A little more than two minutes after tip, Duke sophomore guard Alex O'Connell clanged a 3-pointer off the rim. The ball bounced to North Carolina senior Kenny Williams, who – the Tar Heels being the Tar Heels, one of the fastest-paced teams in the nation – threw the ball ahead in transition to a streaking Garrison Brooks.

As Brooks rose up toward the rim, and as nearly 22,000 strong at the Dean E. Smith Center bubbled in anticipation, Marques Bolden, the big, brawny Duke junior who was trailing a half-step behind, jumped to try and contest the layup. Brooks and Bolden collided mid-air, and then Bolden landed funny on his left foot, slamming into the stanchion. Immediately, with the type of reaction that gets a trainer off the bench in a hurry, Bolden grabbed his knee. He squirmed on the floor in pain. The Carolina crowd hushed as trainers and managers formed a circle around Bolden. After a few minutes, he was helped off the floor by two teammates. The immediate fear was a torn ACL; it turned out to be well short of that, thank God, a strained MCL.

But it was still enough to knock Bolden out of the game, which left Duke one more player short on an already-shortened rotation. Duke had a 40-38 lead at halftime, and Duke coach Mike Krzyzewski praised his team afterward for continuing to fight, but that moment when Bolden went down felt like the moment that the game became Carolina's to lose.

This season, with such a short bench and a team that's so reliant on freshmen, Duke simply doesn't have any margin for injury at all.

Freshman Tre Jones played all 40 minutes, and told me afterward that fatigue played a part in Carolina dominating Duke in the second half. Freshman RJ Barrett played 38 minutes despite foul trouble that plagued him all game; freshman Cam Reddish played 39 minutes.

The shot distribution? Ugh. Reddish took 23 shots while Barrett took 27; that means 50 of Duke's 73 shot attempts were taken by two players. That's nearly 70 percent of their shots.

That's also why Coach K, before he took questions, before he broke down how Carolina swept both games against Duke for the first time in a decade, before he congratulated Carolina's four-year players on their Senior Night, he spoke about the big man in the Duke polo shirt whose biggest contribution on Saturday night was being a loud, smiling cheerleader for his teammates.

"We've just had some what I call 'combat injuries' – not getting hurt in practice or sick or whatever, but they're playing hard," Coach K said afterward. "I think we'll get Zion back for Thursday (in the ACC Tournament). He had worked out this morning. Again, no contact, but Monday there will be.
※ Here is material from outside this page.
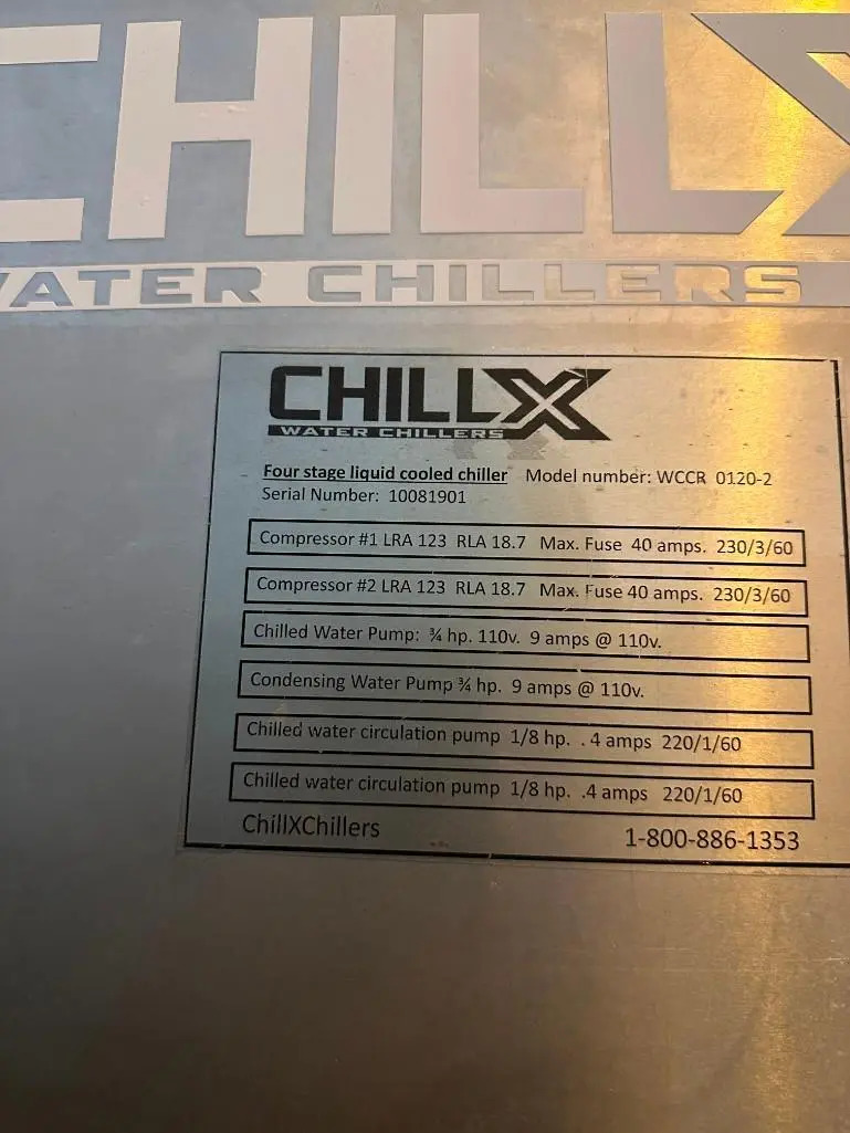 ChillX Four Stage Glycol Chiller Model: WCCR 120-2 Serial: 10081901 3 phase, 230v, 40 amps Single operating compressor Water pump and cooling tower Located: Decatur, IL Load at no cost

And hopefully we'll get a couple good days of practice where he can play five-on-five and then see how that goes. The way he looks right now, I think it's just a matter of getting in shape, getting in game shape, and going forward."
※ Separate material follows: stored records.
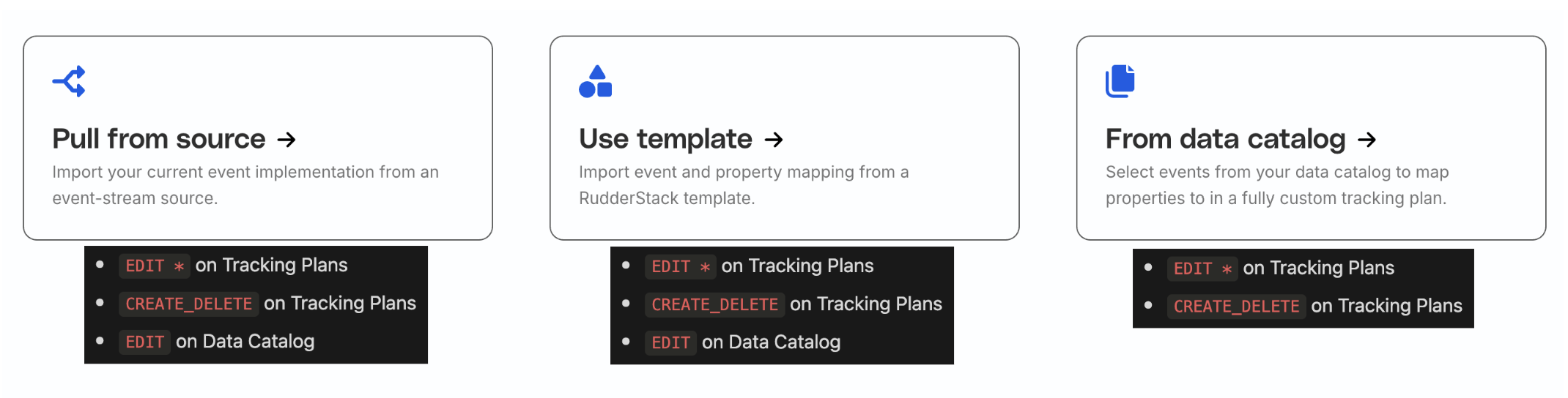 You can create a Tracking Plan from an existing event data source. This option leverages the Event Audit API to import the events and properties tracked by the event data source and generates an initial plan.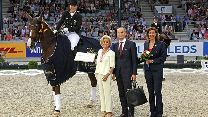 Isabell Werth colocou Bella Rose no lugar mais alto do pódio após conquistar 80,149% na prova de grande prêmio especial do CDI 4* do Prêmio Lindt do CHIO Aachen. A competição, disputada nessa sexta-feira (20/07), contou com dez conjuntos. Jessica von Bredow-Werndl e a égua KWPN Zaire-E ficaram na segunda colocação com 72,702%. Leia mais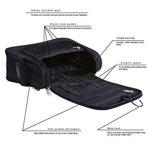 - This toiletry bag for men or women will keep cosmetics and travel accessories at your fingertips.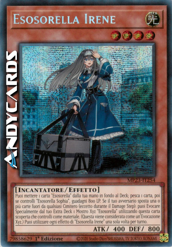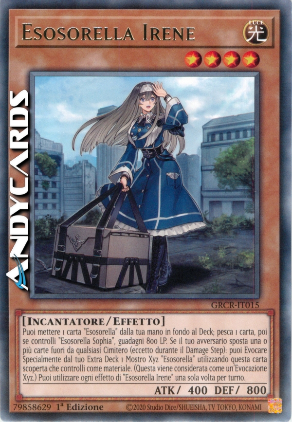 Puoi mettere 1 carta "Esosorella" dalla tua mano in fondo al Deck; pesca 1 carta, poi se controlli "Esosorella Sophia", guadagni 800 LP. Se il tuo avversario sposta una o più carte fuori da qualsiasi Cimitero (eccetto durante il Damage Step): puoi Evocare Specialmente dal tuo Extra Deck 1 Mostro Xyz "Esosorella" utilizzando questa carta scoperta che controlli come materiale. (Questa viene considerata come un'Evocazione Xyz.) Puoi utilizzare ogni effetto di "Esosorella Irene" una sola volta per turno.

Here's the truth about this Duke team: Without Zion, they've been fine. Not really good, but an inconsistent sort of good. Coach K freely admitted as much on Saturday:  "It's not at the level that's needed to win a championship," he said. "In order to win a championship, you have to be outstanding."

With healthy Zion, this team, with all its warts – a lack of depth, a lack of experience, 3-point shooting that ranks among the nation's worst – is outstanding. They're the hands-down favorite to win it all. That team is the team that overcaffeinated pundits were speculating a few months ago as a team that could go out and beat an NBA team. But that team is only that team if Zion is back, and if Zion is 100 percent.
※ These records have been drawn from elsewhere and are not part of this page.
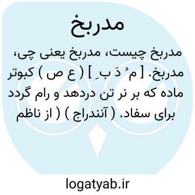 مدربخ. [ م ُ دَ ب ِ ] ( ع ص ) کبوتر ماده که بر نر تن دردهد و رام گردد برای سفاد. ( آنندراج ) ( از ناظم الاطباء ) ( از متن اللغة ). نعت فاعلی است ازدربخة. رجوع به دربخة شود. || مرد پشت خم کرده و فروتن. ( ناظم الاطباء ): دربخ الرجل؛ طأطاء رأسه و بسط ظهره. ( از متن اللغة ). رجوع به دربخة شود.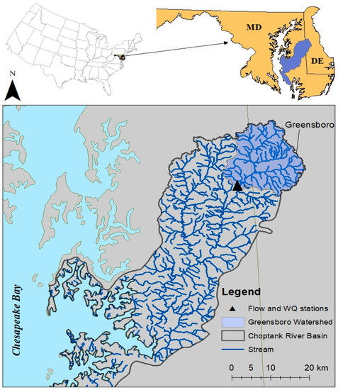- McCarty, G.W.; McConnell, L.L.; Hapernan, C.J.; Sadeghi, A.; Graff, C.; Hively, W.D.; Lang, M.W.; Fisher, T.R.; Jordan, T.; Rice, C.P.; et al. Water quality and conservation practice effects in the choptank river watershed. J. Soil Water Conserv. 2008, 63, 461–474. [Google Scholar] [CrossRef]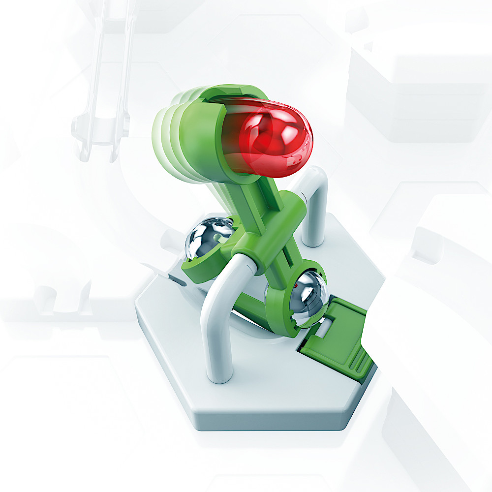 トラックを上のレベルに進めよう! 重力をものともしないカタパルトで信じられないような体験ができます! スクープを使って上段のトラックへボールを持ち上げ、走りの幅を広げよう!

It doesn't matter if it's a preseason practice or a dominating performance on national television, whether he's dancing on the sideline to House of Pain's "Jump Around" or whether he's testing out that healing knee in a full-contact practice to work his way back to game shape, whether he truly does return to Duke this season – Coach K has zero doubt that he will – or whether he takes the advice of so many outsiders and saves himself and his body for June's NBA Draft. There will always be one truth about this college basketball season: It's all about Zion.